What you need to do - Could you repeat all of the entries word for word, minus any pictures?

Recorded data -
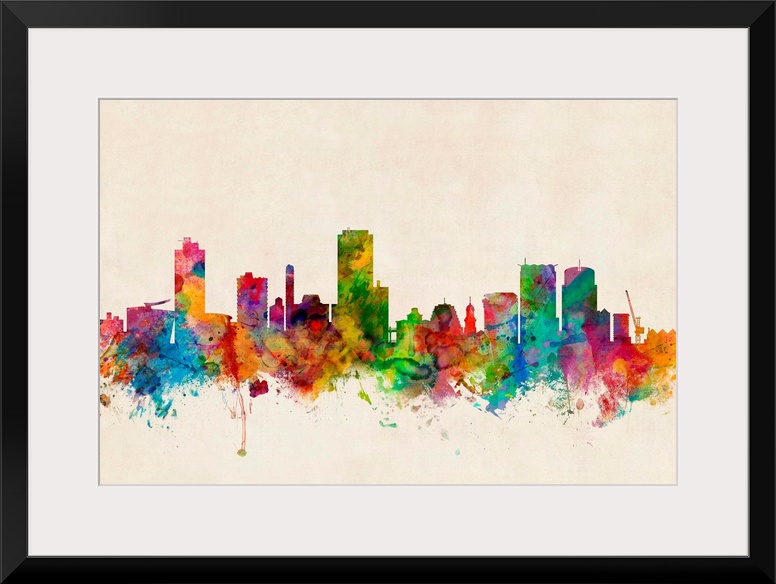 <p>Contemporary piece of artwork of the Wellington, New Zealand skyline made of colorful paint splashes.</p>
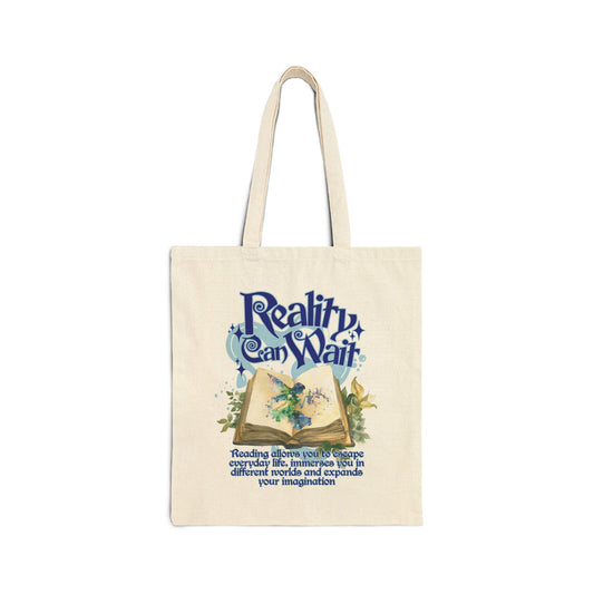 Reality Can Wait Blue Design Literary Tote Bag - Perfect for Book Lovers
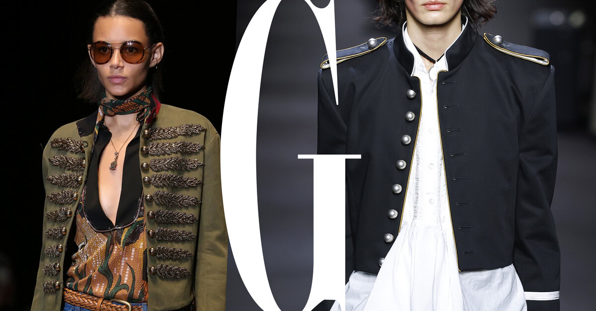 Особенность модного жакета — высокий воротник или округлый вырез, латунные пуговицы и акцентный декор-вышивка. Впервые похожие модели появились в венгерской армии. Но у большинства подобное обмундирование ассоциируется с наполеоновскими войсками, его носили члены гусарских полков. Как это часто бывает, из военной формы деталь гардероба перекочевала в коллекции модных брендов. В нулевые, например, они появлялись у Marc Jacobs, Alexander McQueen. Своей визитной карточкой, кстати, «мундиры» сделал Эди Слиман: он включал их в линии для Dior Homme, Saint Laurent. Но настоящим хитом были жакеты Balmain. Кстати, в начале века их носила не только Кейт Мосс но и, например, Бейонсе и Рианна.
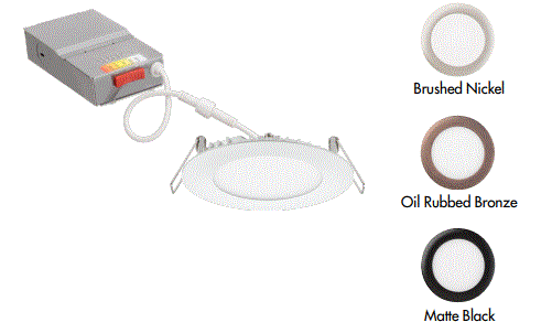 WF4-SWW5-90CRI-MB-M6 9W LED 4" WAFER THIN DOWNLIGHT 120V CCT-SELECTABLE 2700K 3000K 35000K 4000K 5000K CRI>90+ 690LM TRIAC DIMMING TO 10% T24-COMPLIANT WET LOCATION RATED ENERGY STAR RATED 50000HRS MATTE WHITE FINISH D 5.00" H 1.20" 1.15LBS |
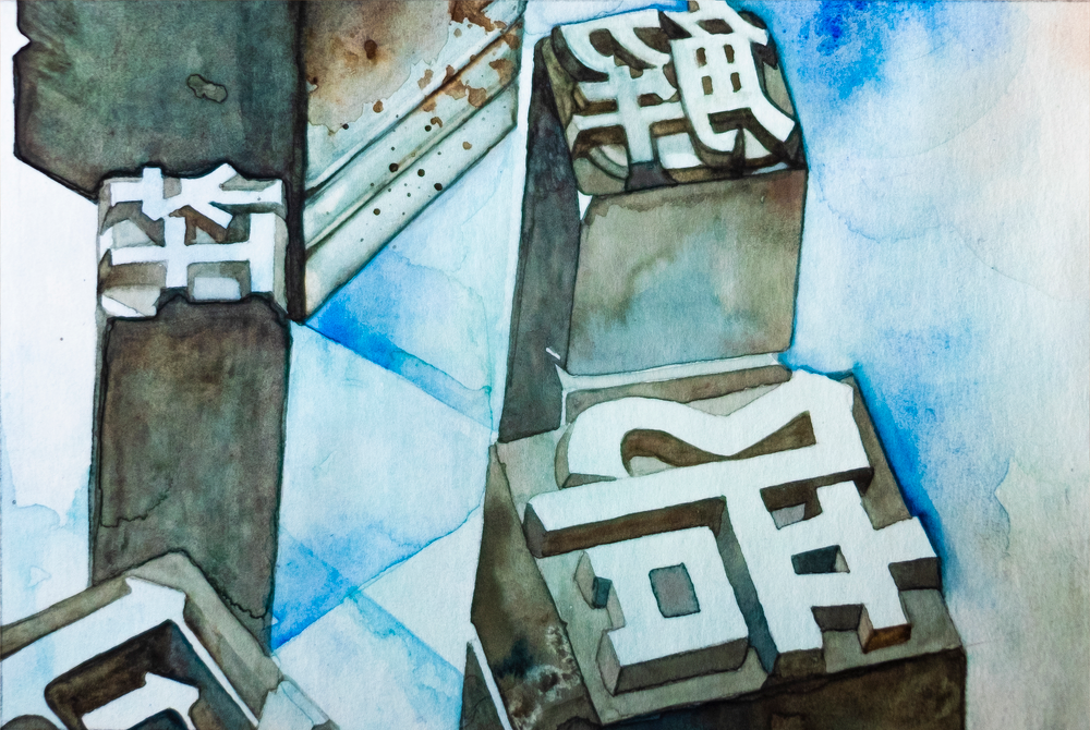 ⼩さなコップくらいのガラスの器の中に、その「活字」が⼊っていたのです。

Finished task -
 <p>Contemporary piece of artwork of the Wellington, New Zealand skyline made of colorful paint splashes.</p>
 Reality Can Wait Blue Design Literary Tote Bag - Perfect for Book Lovers
 Особенность модного жакета — высокий воротник или округлый вырез, латунные пуговицы и акцентный декор-вышивка. Впервые похожие модели появились в венгерской армии. Но у большинства подобное обмундирование ассоциируется с наполеоновскими войсками, его носили члены гусарских полков. Как это часто бывает, из военной формы деталь гардероба перекочевала в коллекции модных брендов. В нулевые, например, они появлялись у Marc Jacobs, Alexander McQueen. Своей визитной карточкой, кстати, «мундиры» сделал Эди Слиман: он включал их в линии для Dior Homme, Saint Laurent. Но настоящим хитом были жакеты Balmain. Кстати, в начале века их носила не только Кейт Мосс но и, например, Бейонсе и Рианна.
 WF4-SWW5-90CRI-MB-M6 9W LED 4" WAFER THIN DOWNLIGHT 120V CCT-SELECTABLE 2700K 3000K 35000K 4000K 5000K CRI>90+ 690LM TRIAC DIMMING TO 10% T24-COMPLIANT WET LOCATION RATED ENERGY STAR RATED 50000HRS MATTE WHITE FINISH D 5.00" H 1.20" 1.15LBS |
 ⼩さなコップくらいのガラスの器の中に、その「活字」が⼊っていたのです。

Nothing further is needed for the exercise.